● Extracted entries

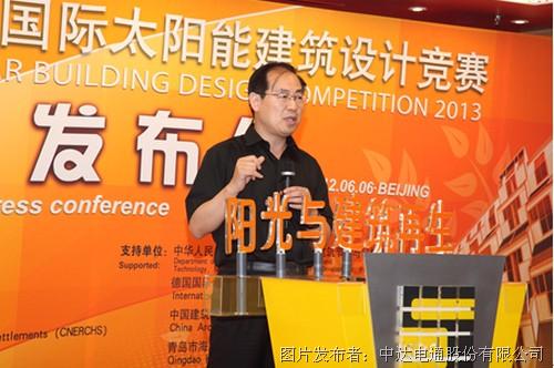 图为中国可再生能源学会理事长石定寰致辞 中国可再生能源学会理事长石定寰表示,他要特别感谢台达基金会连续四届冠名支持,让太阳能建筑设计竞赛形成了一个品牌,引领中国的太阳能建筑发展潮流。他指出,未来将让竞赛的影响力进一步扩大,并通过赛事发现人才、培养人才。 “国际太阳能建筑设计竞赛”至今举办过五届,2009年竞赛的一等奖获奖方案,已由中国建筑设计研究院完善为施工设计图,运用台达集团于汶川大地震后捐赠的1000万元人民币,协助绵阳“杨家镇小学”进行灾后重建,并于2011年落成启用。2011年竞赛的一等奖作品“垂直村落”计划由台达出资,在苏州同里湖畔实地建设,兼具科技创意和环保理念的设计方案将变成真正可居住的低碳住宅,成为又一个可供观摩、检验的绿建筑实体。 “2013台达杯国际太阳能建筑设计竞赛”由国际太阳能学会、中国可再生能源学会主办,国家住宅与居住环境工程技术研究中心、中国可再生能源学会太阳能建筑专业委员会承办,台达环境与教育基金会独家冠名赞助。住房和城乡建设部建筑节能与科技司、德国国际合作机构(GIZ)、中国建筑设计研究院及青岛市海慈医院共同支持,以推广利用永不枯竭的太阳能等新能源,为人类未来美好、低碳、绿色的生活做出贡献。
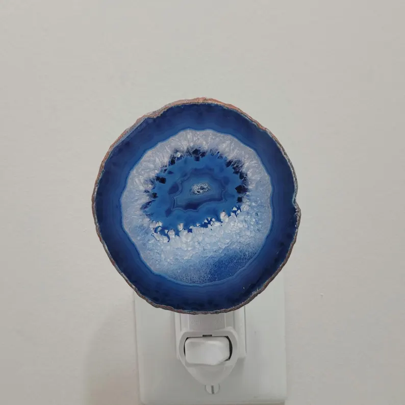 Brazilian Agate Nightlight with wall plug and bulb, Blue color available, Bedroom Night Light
==
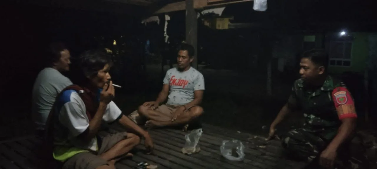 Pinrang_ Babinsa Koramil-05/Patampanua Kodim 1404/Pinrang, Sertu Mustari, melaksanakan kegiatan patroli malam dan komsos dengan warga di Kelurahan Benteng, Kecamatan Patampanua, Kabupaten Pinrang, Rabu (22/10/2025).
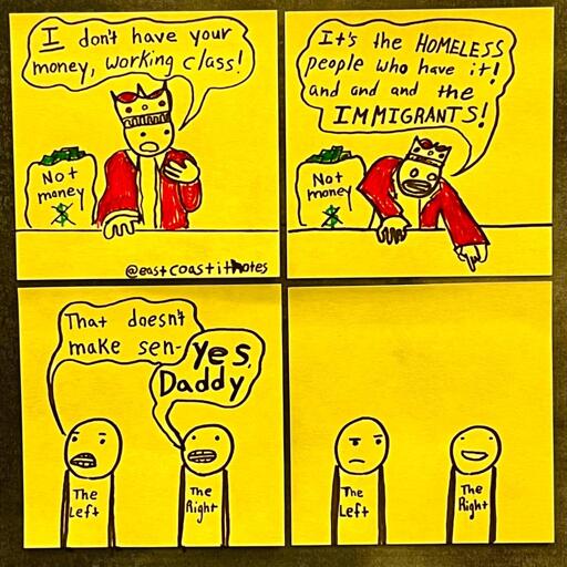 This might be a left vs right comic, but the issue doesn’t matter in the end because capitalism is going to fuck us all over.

● What this task involves
Starting at the line with "Pinrang_ Babinsa Koramil-05/Patampanua" in the entries above, write out every line exactly until the line with "This might be" has been written. Include no pictures and nothing more.

● Reply to the exercise
 Pinrang_ Babinsa Koramil-05/Patampanua Kodim 1404/Pinrang, Sertu Mustari, melaksanakan kegiatan patroli malam dan komsos dengan warga di Kelurahan Benteng, Kecamatan Patampanua, Kabupaten Pinrang, Rabu (22/10/2025).
 This might be a left vs right comic, but the issue doesn’t matter in the end because capitalism is going to fuck us all over.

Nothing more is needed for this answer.